Exercise - Your answer should hold exactly the lines below from the line with "Four Royal Doulton" through the line with "万力のようにしっかりとボール", both included, and no pictures at all.

Material provided -
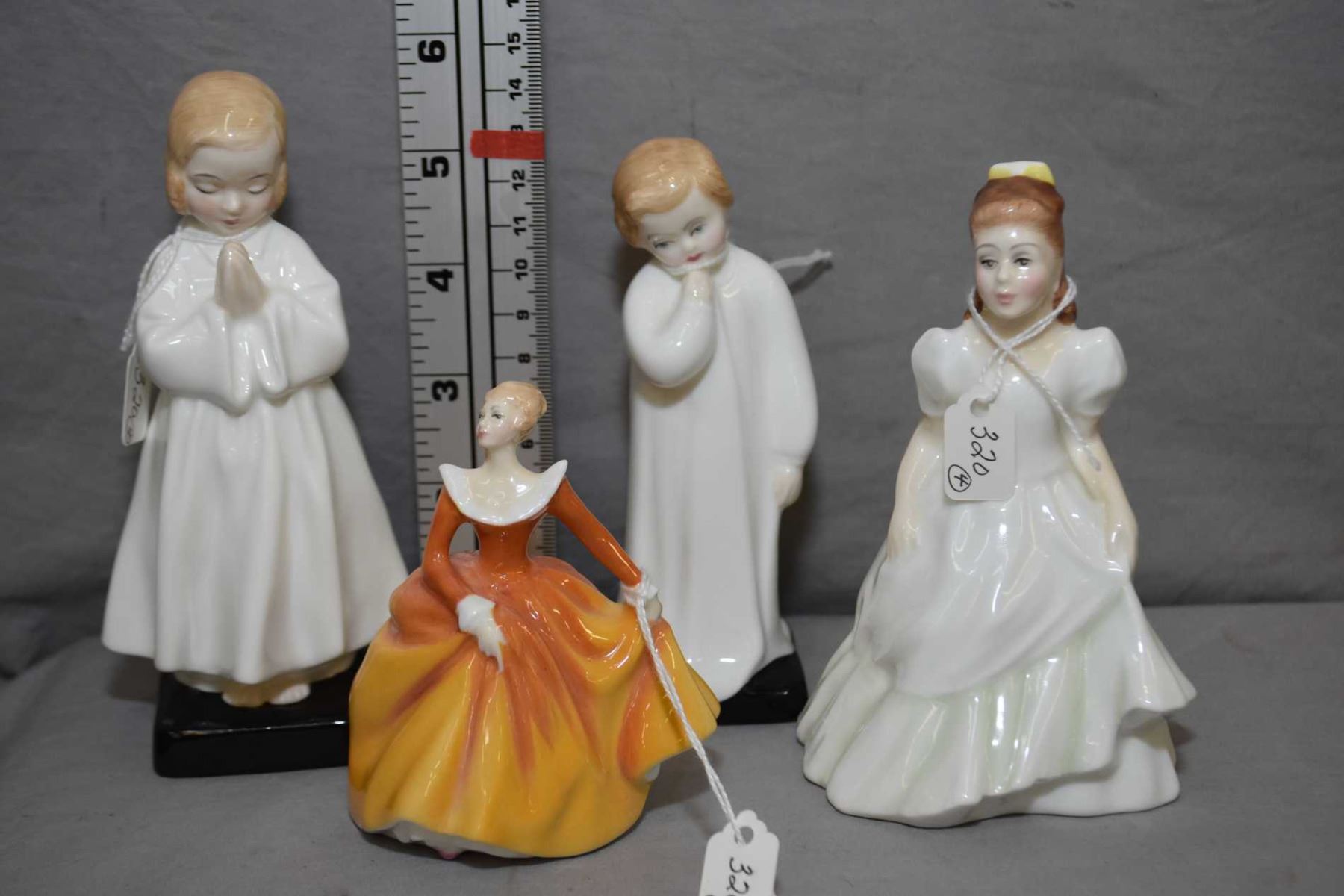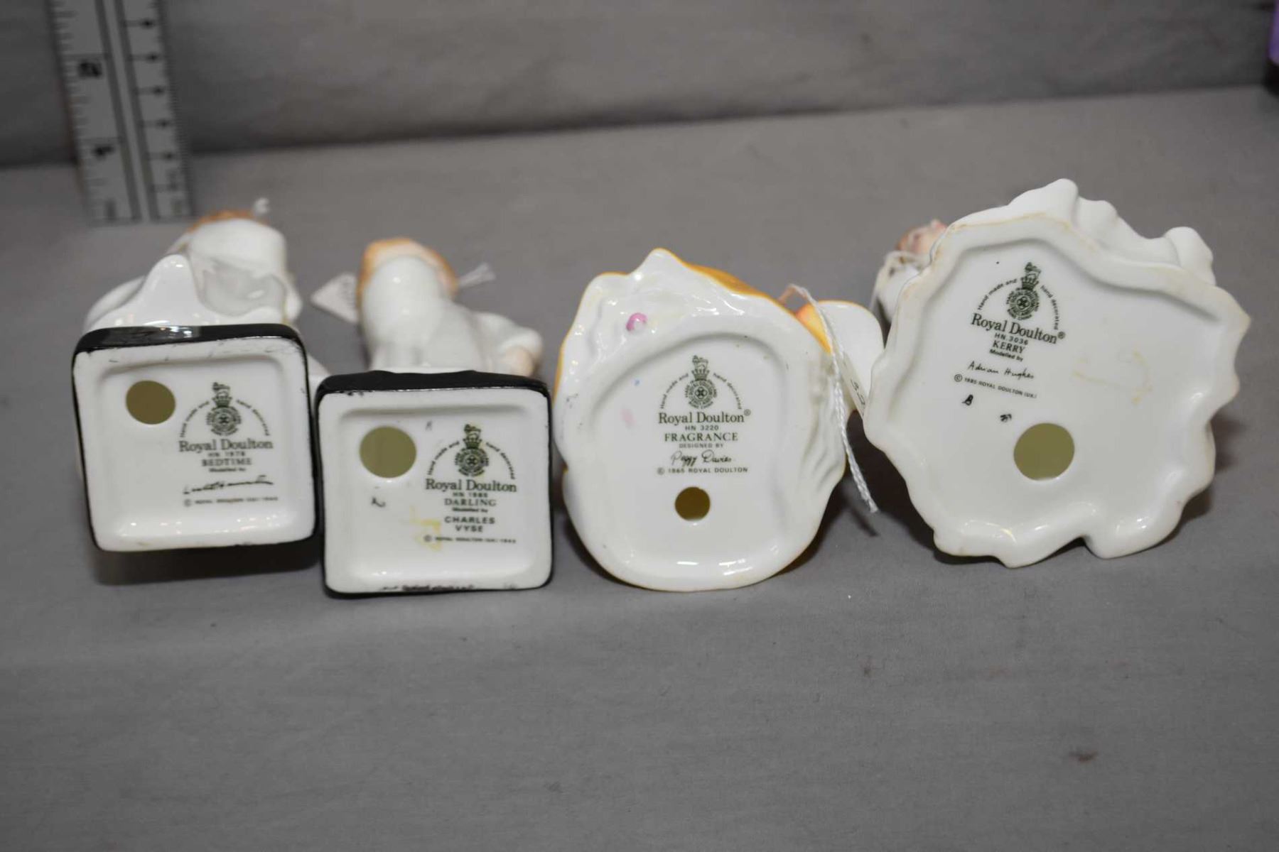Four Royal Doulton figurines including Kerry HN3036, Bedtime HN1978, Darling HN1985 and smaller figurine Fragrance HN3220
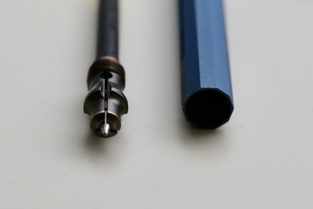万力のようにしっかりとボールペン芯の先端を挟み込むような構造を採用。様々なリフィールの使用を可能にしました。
...
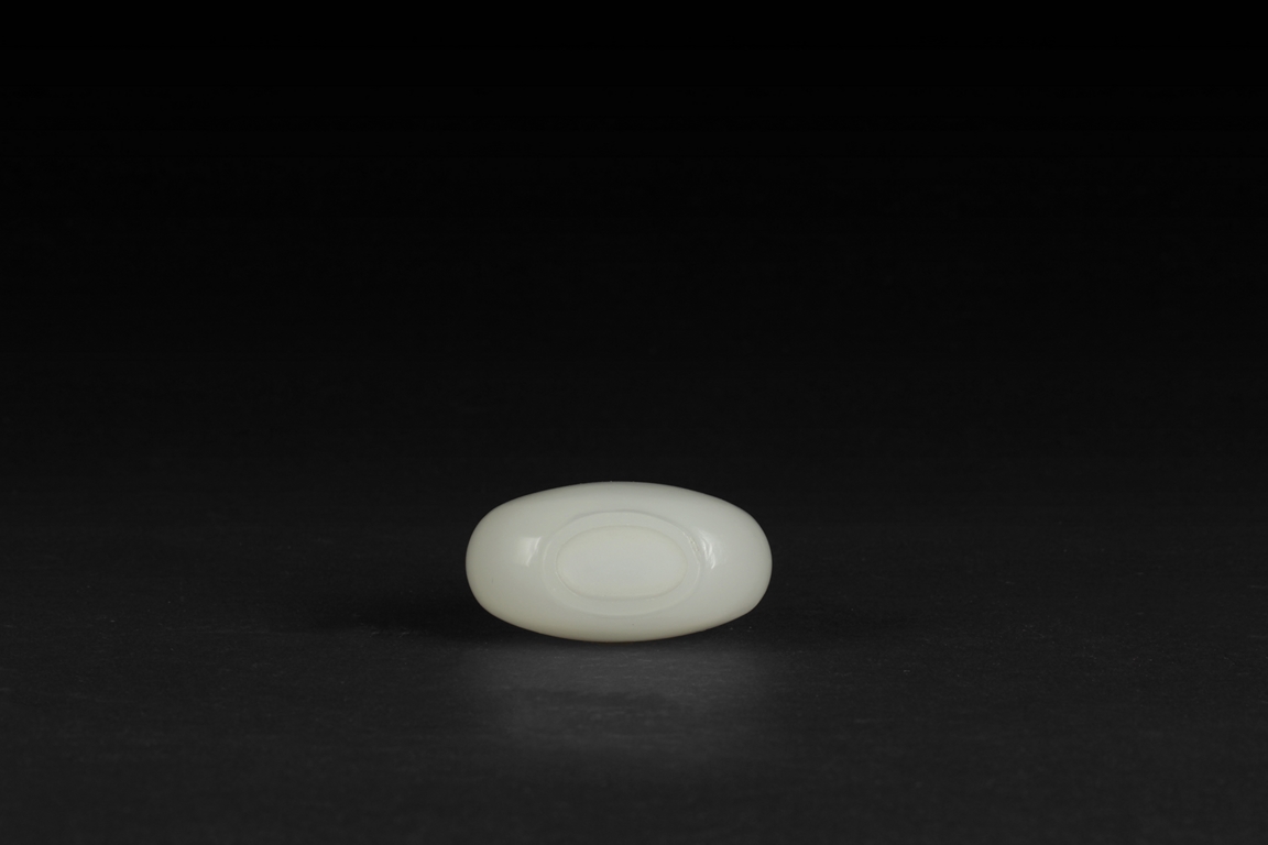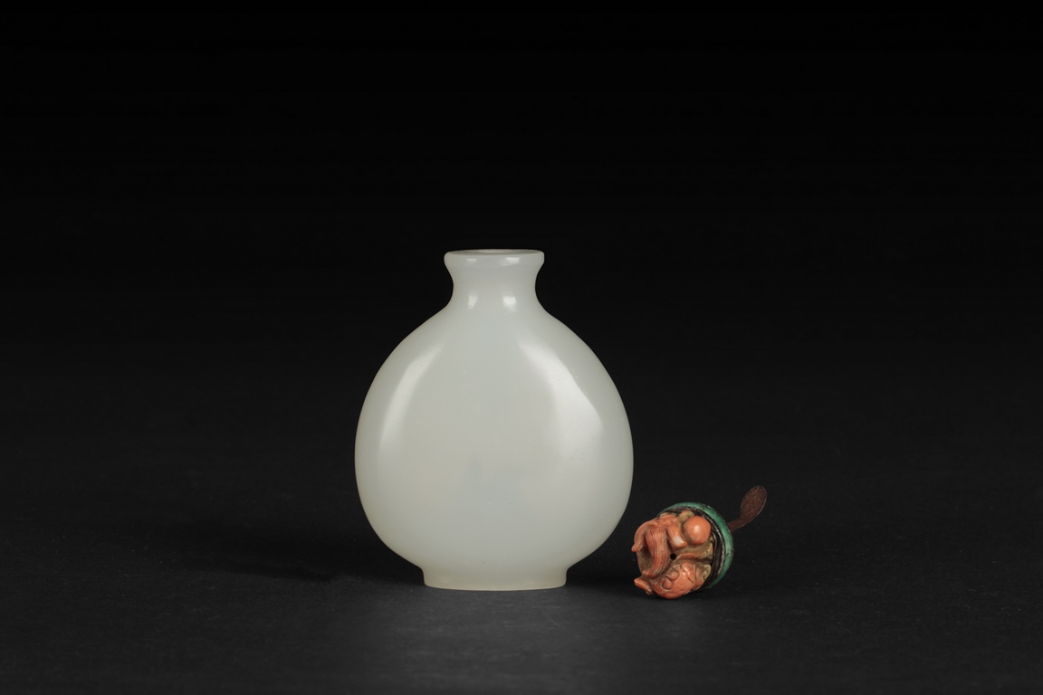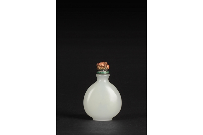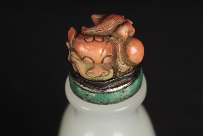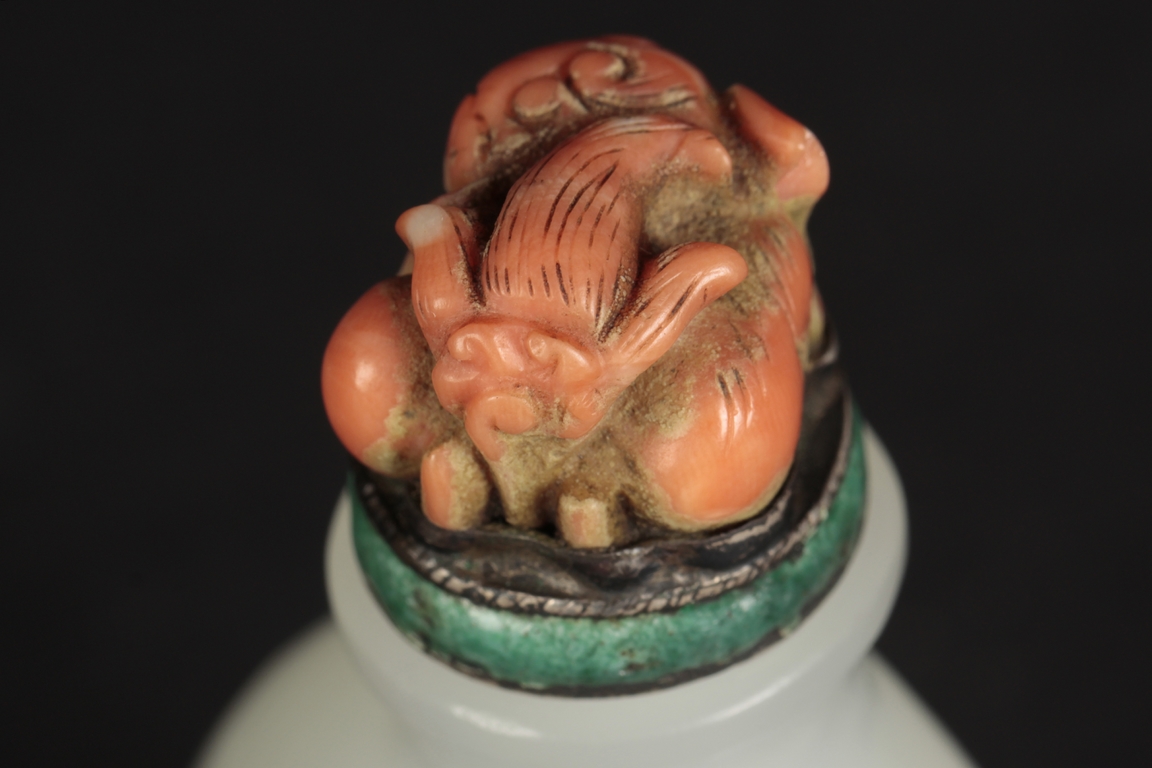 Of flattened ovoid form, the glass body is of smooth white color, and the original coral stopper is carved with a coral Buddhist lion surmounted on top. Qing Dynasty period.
==
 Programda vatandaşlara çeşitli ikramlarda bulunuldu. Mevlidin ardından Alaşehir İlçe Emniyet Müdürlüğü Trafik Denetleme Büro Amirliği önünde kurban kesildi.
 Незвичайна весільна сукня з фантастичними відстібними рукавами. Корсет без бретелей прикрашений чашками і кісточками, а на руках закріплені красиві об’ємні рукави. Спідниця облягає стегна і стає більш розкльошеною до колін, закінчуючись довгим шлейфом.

The completed task -
Four Royal Doulton figurines including Kerry HN3036, Bedtime HN1978, Darling HN1985 and smaller figurine Fragrance HN3220
万力のようにしっかりとボールペン芯の先端を挟み込むような構造を採用。様々なリフィールの使用を可能にしました。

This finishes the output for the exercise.